Supreme Court Curbs EPA Power, Other Federal Agencies On Notice
The Supreme Court on Thursday curtailed the Environmental Protection Agency’s powers to restrict greenhouse-gas emissions from power plants, in a decision that could limit the authority of government agencies to address major policy questions without congressional approval. [bold, links added]
The decision was in line with several Supreme Court decisions in recent years that reined in federal agencies by striking down regulations on the grounds that agencies had usurped power from Congress and the judicial branch.
West Virginia led a coalition of Republican-leaning states and coal producers that asked the Supreme Court to weigh in and clarify the limits of the Environmental Protection Agency’s authority, raising broader questions about how far the regulatory authority of federal agencies extends.

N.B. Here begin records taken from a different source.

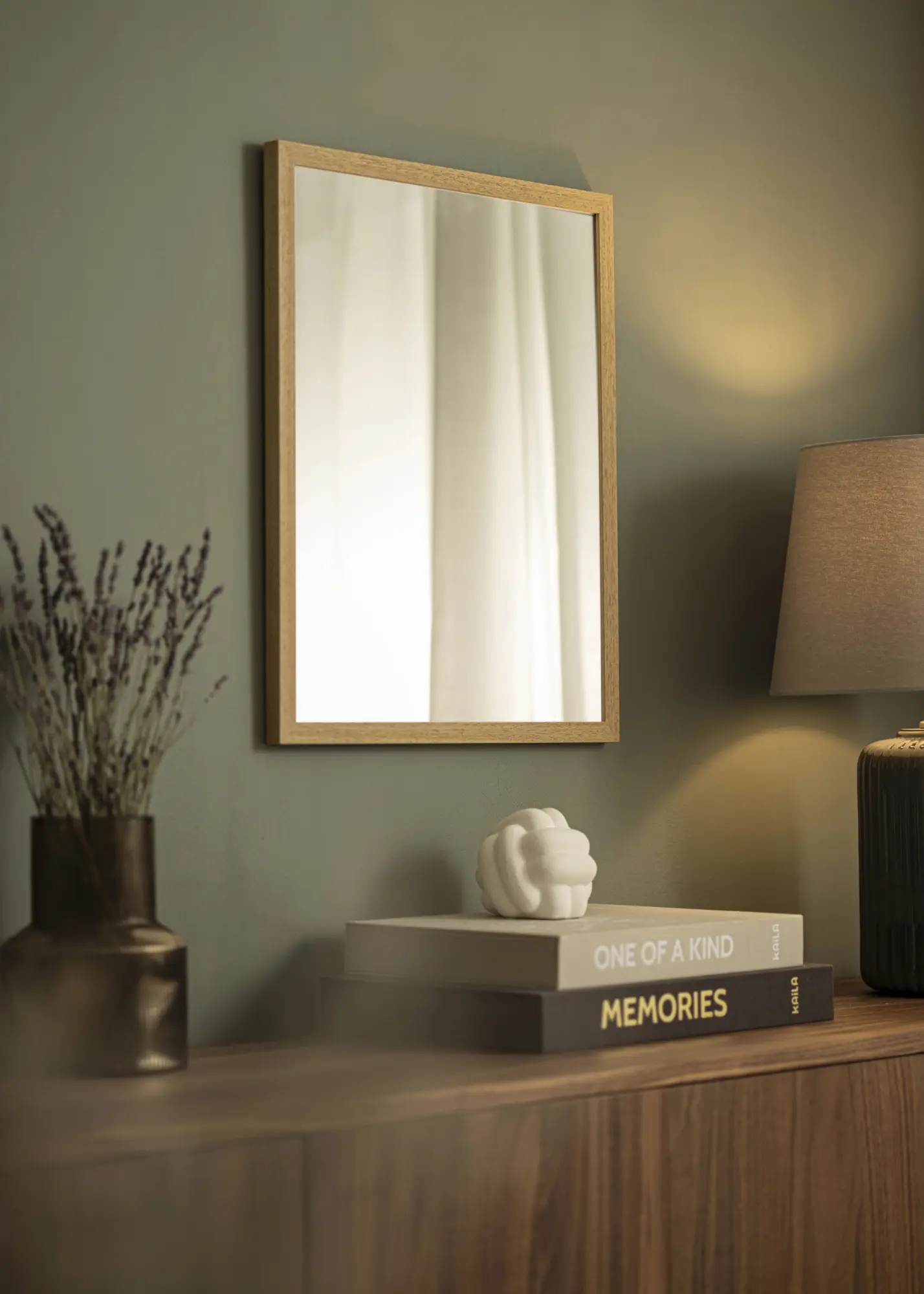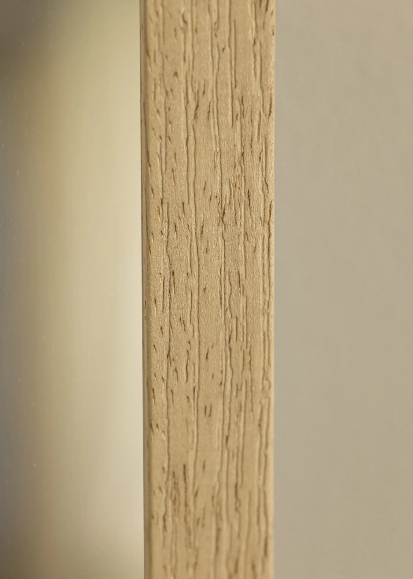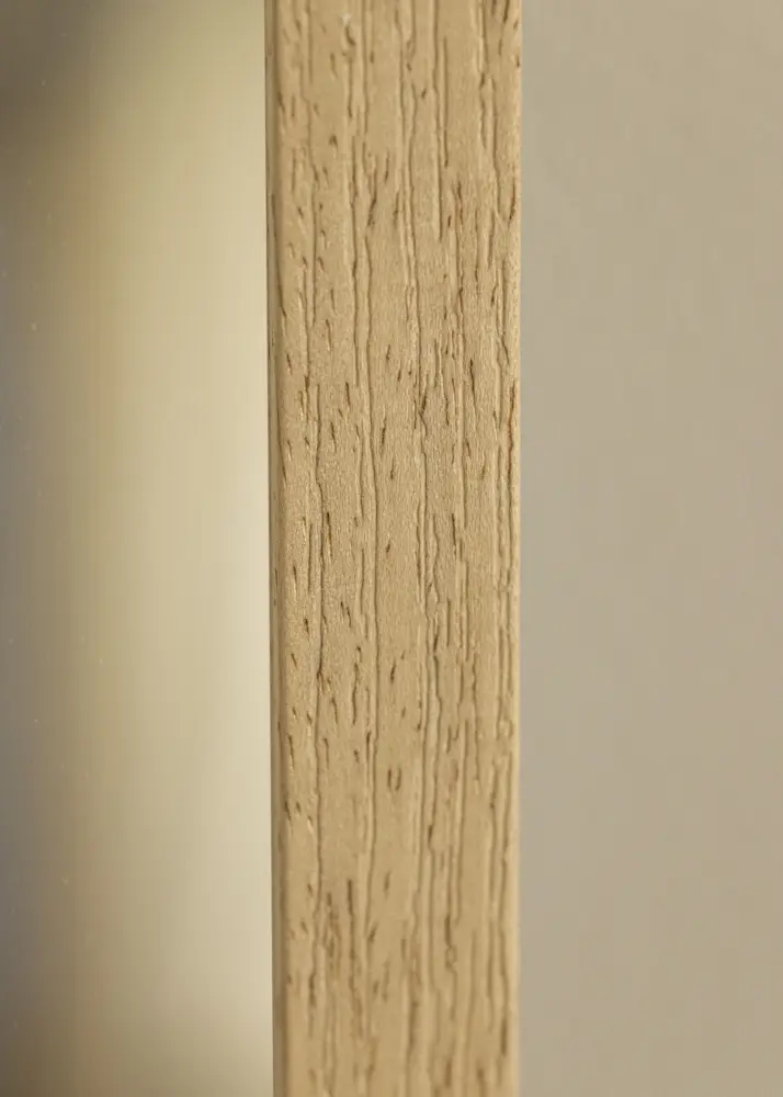 Veidrodžio rėmas pagamintas iš ajos medis, kas suteikia tiek patvarumą, tiek stilių. Su 20 mm pločio ir 20 mm gylio rėmas turi diskretišką, bet vis tiek aiškią buvimo vietą, kuri įrėmina veidrodžio stiklą skoningu būdu. Paviršius turi matinį užbaigimą ir šiek tiek struktūrizuotą pojūtį, kas prisideda prie veidrodžio žavesio ir padaro jį puikiu pasirinkimu tiek moderniam, tiek tradiciniam interjerui.
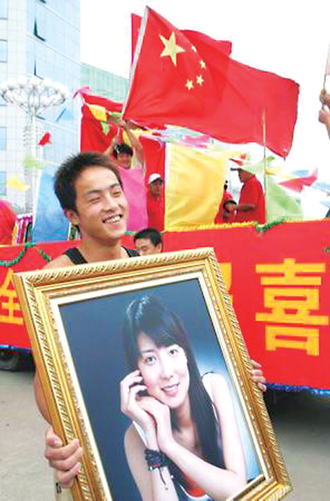 在鮮艷的五星紅旗和雄壯的國歌襯托下,這位22歲的中國姑娘越
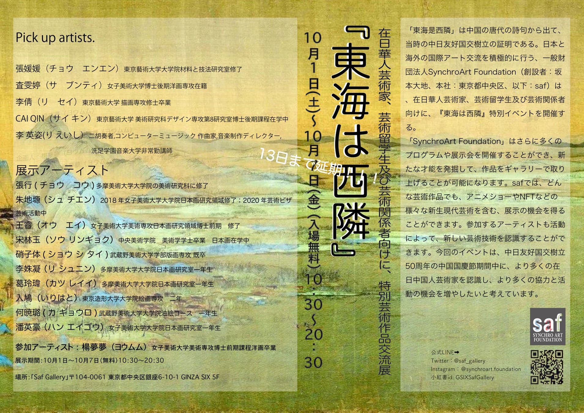 日本と海外の国際アート交流を積極的に行う、一般財団法人SynchroArt Foundation(創設者:坂本大地、本社:東京都中央区、以下:saf)は、在日華人芸術家、芸術留学生及び芸術関係者向けに、『東海は西隣』特別イベントを開催する。
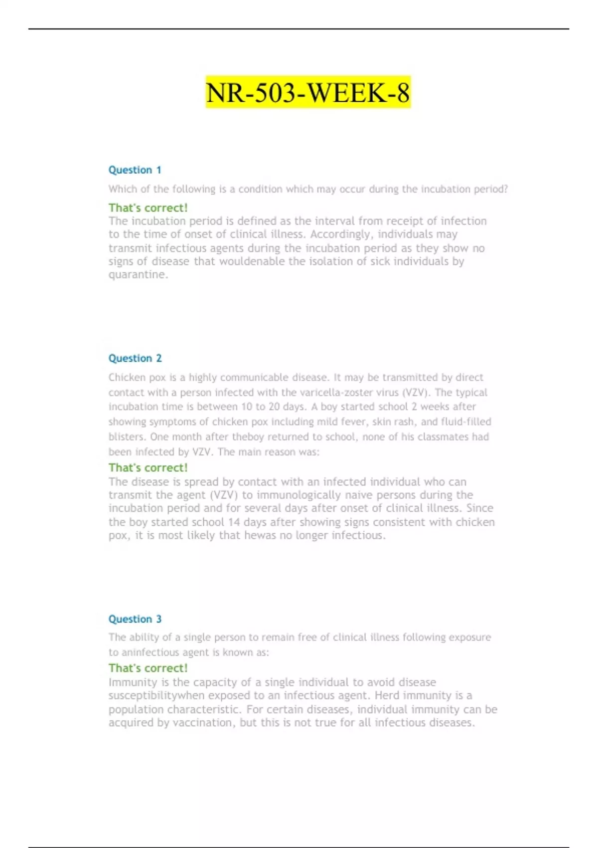 acquired by vaccination, but this is not true for all infectious diseases.
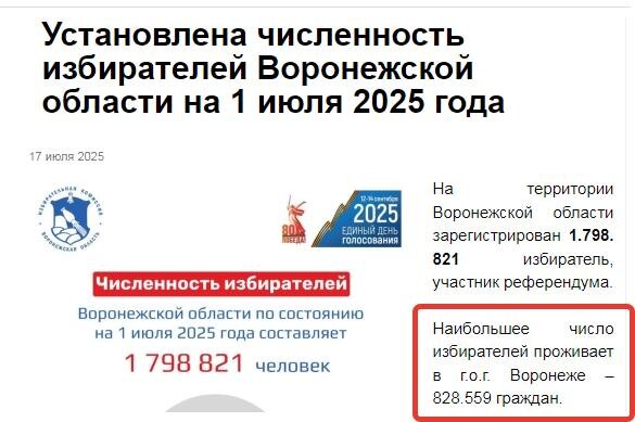 Стоит отметить, что облизбирком на регулярной основе (1 раз в полугодие) публикует данные о численности избирателей. В то же время Воронежстат, Росстат и региональное Управление ЗАГС прекратили публикацию данных о количестве граждан, проживающих в нашей области, а также о числе новорожденных и умерших. скриншот сайта облизбиркома Согласно данным облизбиркома, которые он наверняка получает от Воронежстата, за прошедший год численность избирателей сократилась на 9 тысяч 3 человека. Тогда, на 1 июля 2024 года, численность избирател
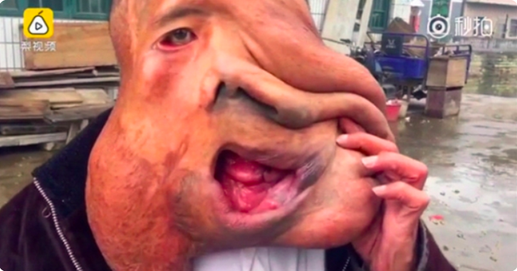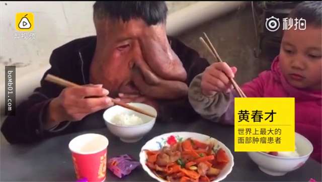 大陸39歲男子黃春才的臉上長有一個巨大的「神經纖維瘤」,這影響了他的生活,讓他痛苦不堪。
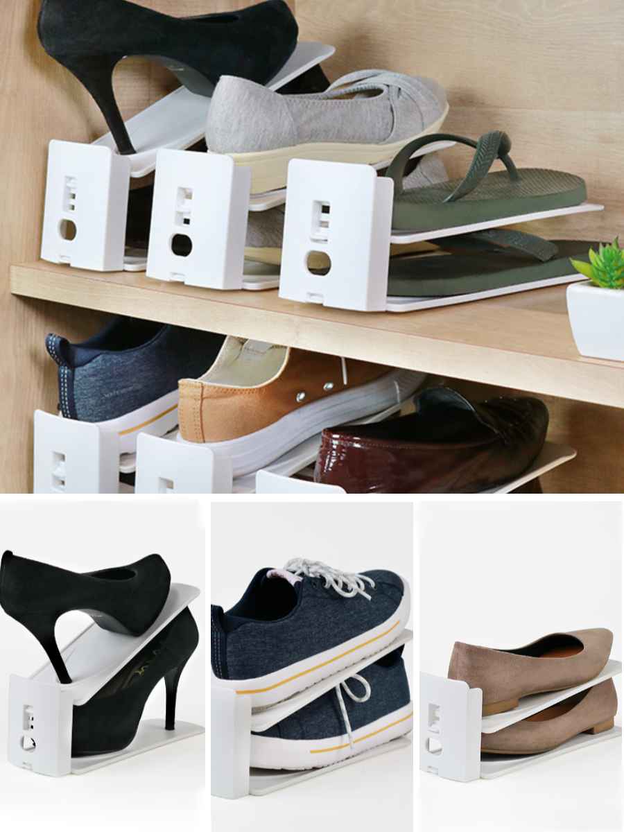 靴1足分のスペースで2足を収納することができる靴ホルダーです。狭い下駄箱スペースを有効活用することで収納力が2倍にアップします。高いヒールやスニーカー、ローファーなど様々な種類の靴を収納できます。
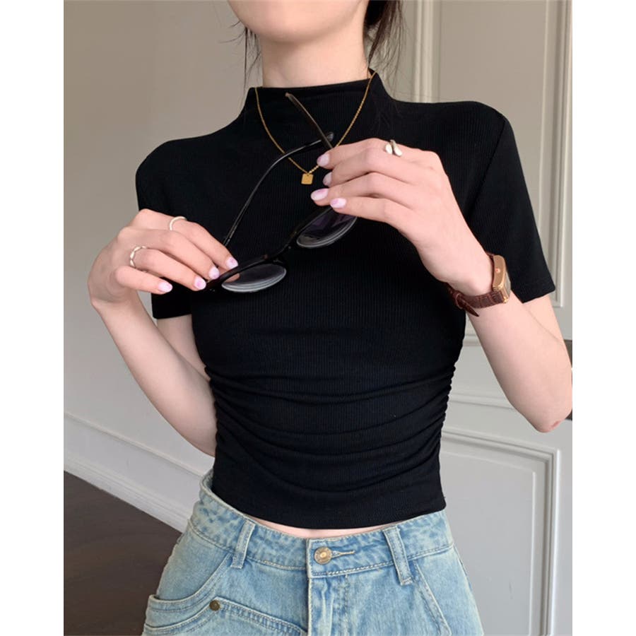 レーディス トップス Tシャツ カジュアルコーデ デイリーコーデ シンプル お出かけ 韓国ファッション 韓国 韓国風 rakuku 袖 tシャツ ストレッチ素材 半袖Tシャツ 無地 カジュアル トップス

The coalition said powerful and wide-reaching policies should come from Congress, not agency-level regulators.
The Obama-era EPA rules were “illustrative of an alarming trend whereby presidents turn to implied authority, typically in long-extant statutes, to achieve what Congress fails to do,” the libertarian Cato Institute said in a legal brief.
The case before the high court was unusual because it involved regulations put forth by the Obama administration that never went into effect and were replaced in 2019 under the Trump administration.
At issue was the Clean Power Plan, an Obama-era set of rules devised by the EPA that sought to mandate a national shift away from coal to cleaner sources of power, including natural gas, wind, and solar.
For half a century, the Clean Air Act has directed the EPA to regulate stationary sources of air pollution that endanger “public health or welfare.”
The Obama-era Clean Power Plan extended that regulatory reach beyond the physical premises of a power plant to allow off-site methods to mitigate pollution.
The Supreme Court in 2016 halted the Clean Power Plan from taking effect, but the justices never directly addressed whether the rule was unlawful.
The Trump administration in 2019 overturned the plan, replacing it with industry-friendly rules allowing older power plants to continue operating.
In January 2021, at the end of Mr. Trump’s presidency, a federal appeals court in the District of Columbia struck down his administration’s replacement rule, providing the Biden administration with a clean slate to work from in devising its own carbon-emissions rules.
The EPA powers at issue are central to Mr. Biden’s climate agenda. With fragile majorities in the Senate and House, Democrats have limited ability to advance their platform through new legislation.
Like his recent predecessors, Mr. Biden is poised to govern through agencies such as the EPA, relying on his inherent constitutional authority and the statutory powers provided by existing legislation.